■ **What to do**
Your output must hold every entry exactly as written and none of the pictures.

(Beginning of Entries supplied)

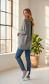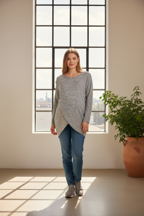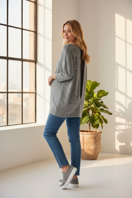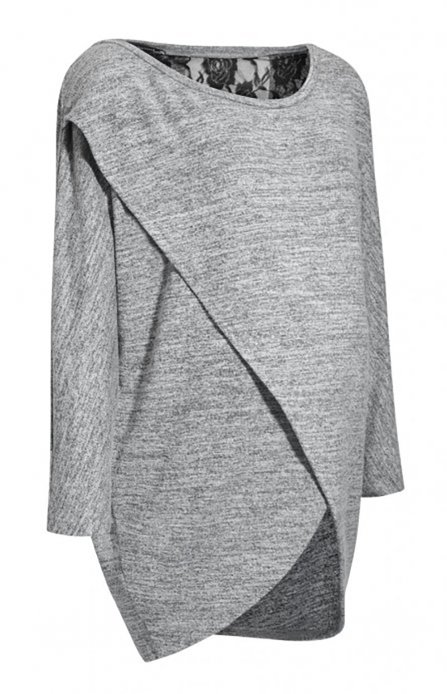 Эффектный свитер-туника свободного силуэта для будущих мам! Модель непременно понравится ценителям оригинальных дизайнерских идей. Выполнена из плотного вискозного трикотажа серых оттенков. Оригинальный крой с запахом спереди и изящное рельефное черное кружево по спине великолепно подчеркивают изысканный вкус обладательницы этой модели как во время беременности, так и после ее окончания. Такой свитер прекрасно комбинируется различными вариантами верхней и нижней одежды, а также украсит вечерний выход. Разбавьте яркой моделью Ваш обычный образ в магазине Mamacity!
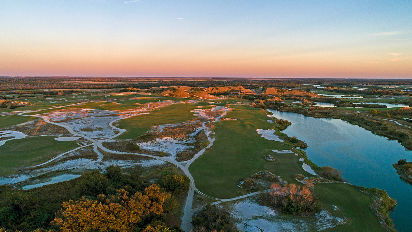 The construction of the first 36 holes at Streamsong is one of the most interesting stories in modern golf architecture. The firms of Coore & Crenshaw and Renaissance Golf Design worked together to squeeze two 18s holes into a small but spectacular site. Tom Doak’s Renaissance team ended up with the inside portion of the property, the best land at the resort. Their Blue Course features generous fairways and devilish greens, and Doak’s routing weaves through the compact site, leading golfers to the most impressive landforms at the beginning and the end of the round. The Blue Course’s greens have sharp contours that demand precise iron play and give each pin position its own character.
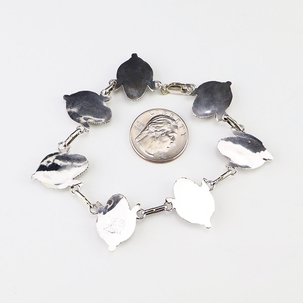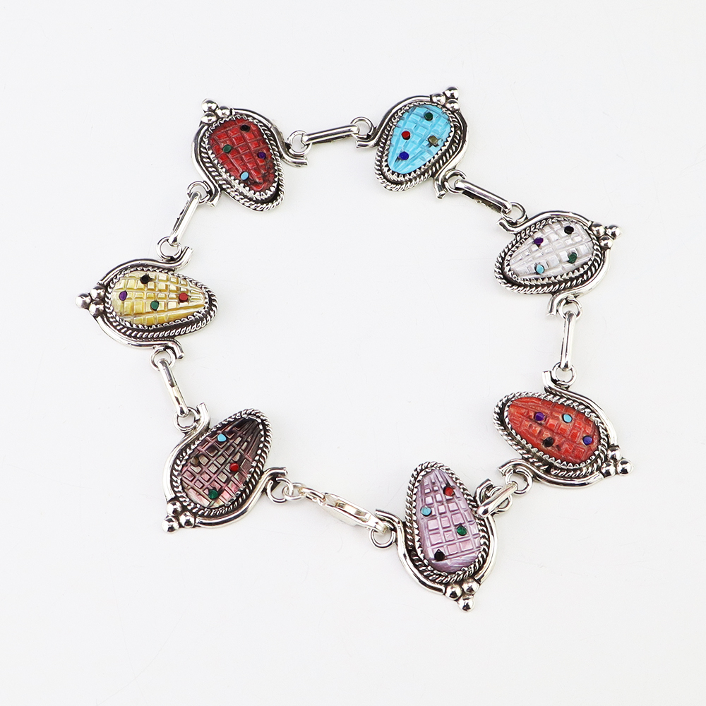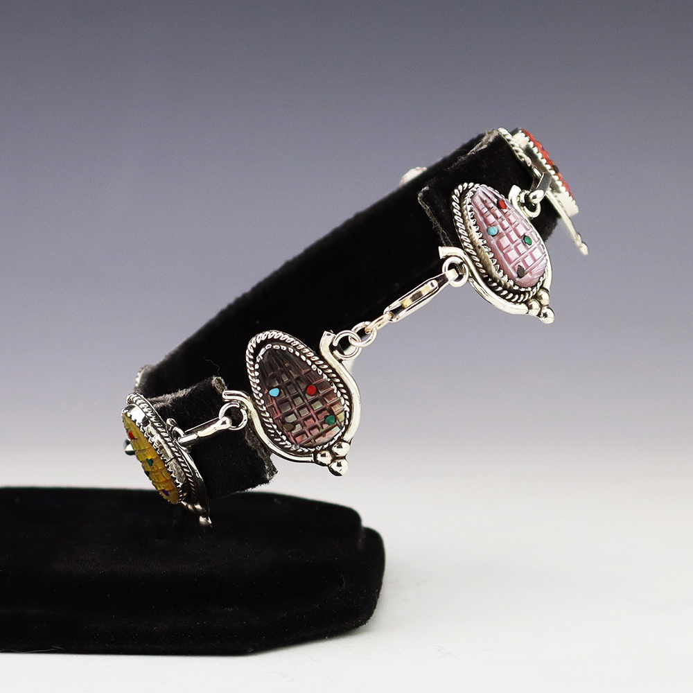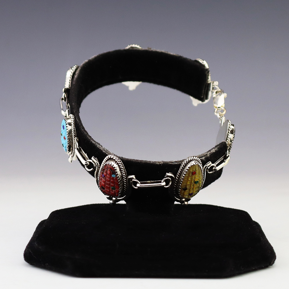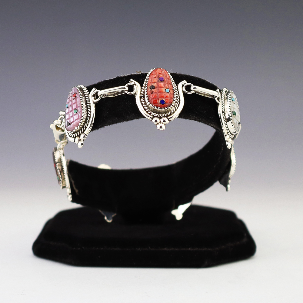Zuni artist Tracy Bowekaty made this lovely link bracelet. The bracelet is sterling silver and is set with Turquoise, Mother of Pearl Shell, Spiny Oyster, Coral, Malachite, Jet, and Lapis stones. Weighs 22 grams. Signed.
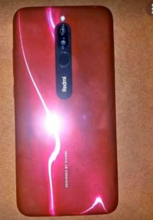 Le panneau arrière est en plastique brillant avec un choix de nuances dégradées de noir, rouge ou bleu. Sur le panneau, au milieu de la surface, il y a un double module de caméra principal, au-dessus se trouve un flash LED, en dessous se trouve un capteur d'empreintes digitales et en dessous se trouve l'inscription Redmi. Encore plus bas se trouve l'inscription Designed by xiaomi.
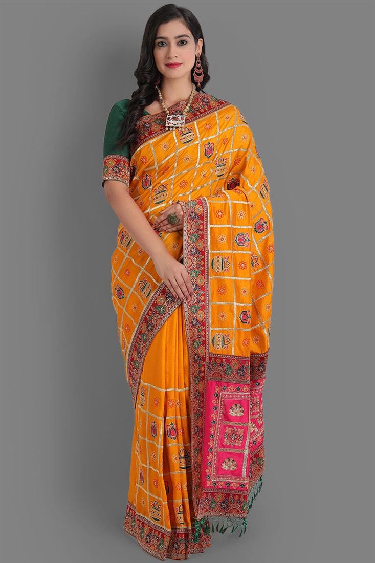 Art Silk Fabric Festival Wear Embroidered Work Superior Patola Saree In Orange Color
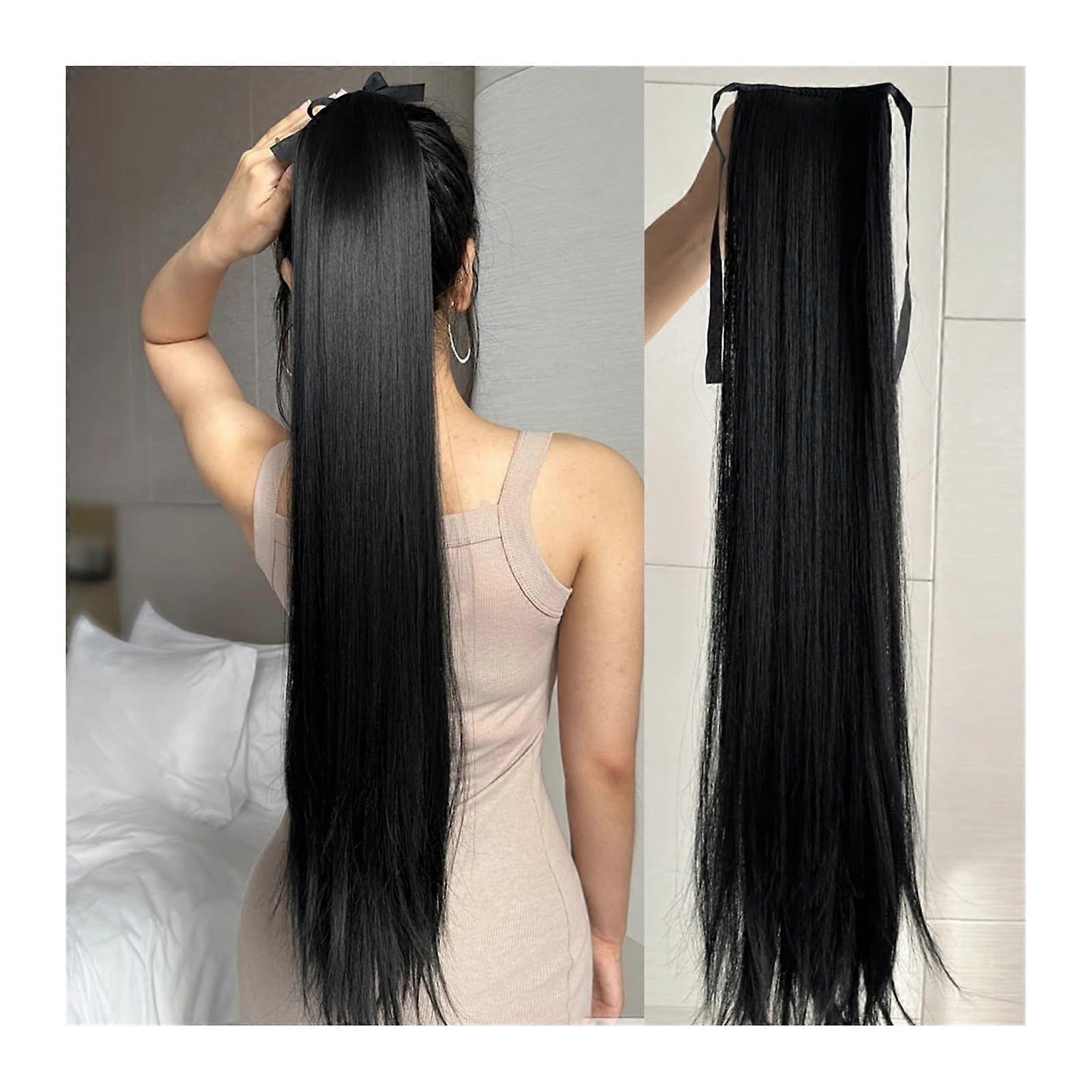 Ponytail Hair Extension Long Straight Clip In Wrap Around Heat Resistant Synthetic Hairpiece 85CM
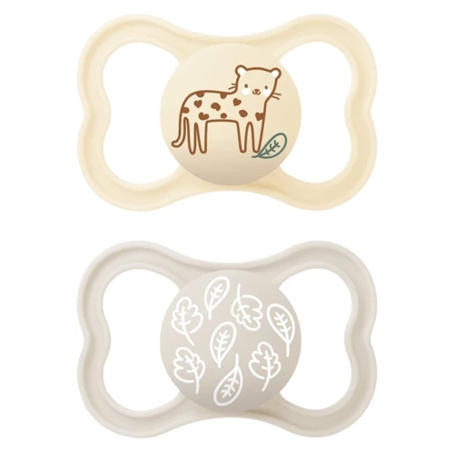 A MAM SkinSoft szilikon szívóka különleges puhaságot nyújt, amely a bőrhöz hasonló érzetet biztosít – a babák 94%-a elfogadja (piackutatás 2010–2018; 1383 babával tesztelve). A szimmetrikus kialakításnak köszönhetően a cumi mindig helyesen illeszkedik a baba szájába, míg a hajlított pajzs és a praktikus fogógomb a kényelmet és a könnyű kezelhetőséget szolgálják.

(End of Entries supplied)

■ **Your response**
 Эффектный свитер-туника свободного силуэта для будущих мам! Модель непременно понравится ценителям оригинальных дизайнерских идей. Выполнена из плотного вискозного трикотажа серых оттенков. Оригинальный крой с запахом спереди и изящное рельефное черное кружево по спине великолепно подчеркивают изысканный вкус обладательницы этой модели как во время беременности, так и после ее окончания. Такой свитер прекрасно комбинируется различными вариантами верхней и нижней одежды, а также украсит вечерний выход. Разбавьте яркой моделью Ваш обычный образ в магазине Mamacity!
 The construction of the first 36 holes at Streamsong is one of the most interesting stories in modern golf architecture. The firms of Coore & Crenshaw and Renaissance Golf Design worked together to squeeze two 18s holes into a small but spectacular site. Tom Doak’s Renaissance team ended up with the inside portion of the property, the best land at the resort. Their Blue Course features generous fairways and devilish greens, and Doak’s routing weaves through the compact site, leading golfers to the most impressive landforms at the beginning and the end of the round. The Blue Course’s greens have sharp contours that demand precise iron play and give each pin position its own character.
Zuni artist Tracy Bowekaty made this lovely link bracelet. The bracelet is sterling silver and is set with Turquoise, Mother of Pearl Shell, Spiny Oyster, Coral, Malachite, Jet, and Lapis stones. Weighs 22 grams. Signed.
 Le panneau arrière est en plastique brillant avec un choix de nuances dégradées de noir, rouge ou bleu. Sur le panneau, au milieu de la surface, il y a un double module de caméra principal, au-dessus se trouve un flash LED, en dessous se trouve un capteur d'empreintes digitales et en dessous se trouve l'inscription Redmi. Encore plus bas se trouve l'inscription Designed by xiaomi.
 Art Silk Fabric Festival Wear Embroidered Work Superior Patola Saree In Orange Color
 Ponytail Hair Extension Long Straight Clip In Wrap Around Heat Resistant Synthetic Hairpiece 85CM
 A MAM SkinSoft szilikon szívóka különleges puhaságot nyújt, amely a bőrhöz hasonló érzetet biztosít – a babák 94%-a elfogadja (piackutatás 2010–2018; 1383 babával tesztelve). A szimmetrikus kialakításnak köszönhetően a cumi mindig helyesen illeszkedik a baba szájába, míg a hajlított pajzs és a praktikus fogógomb a kényelmet és a könnyű kezelhetőséget szolgálják.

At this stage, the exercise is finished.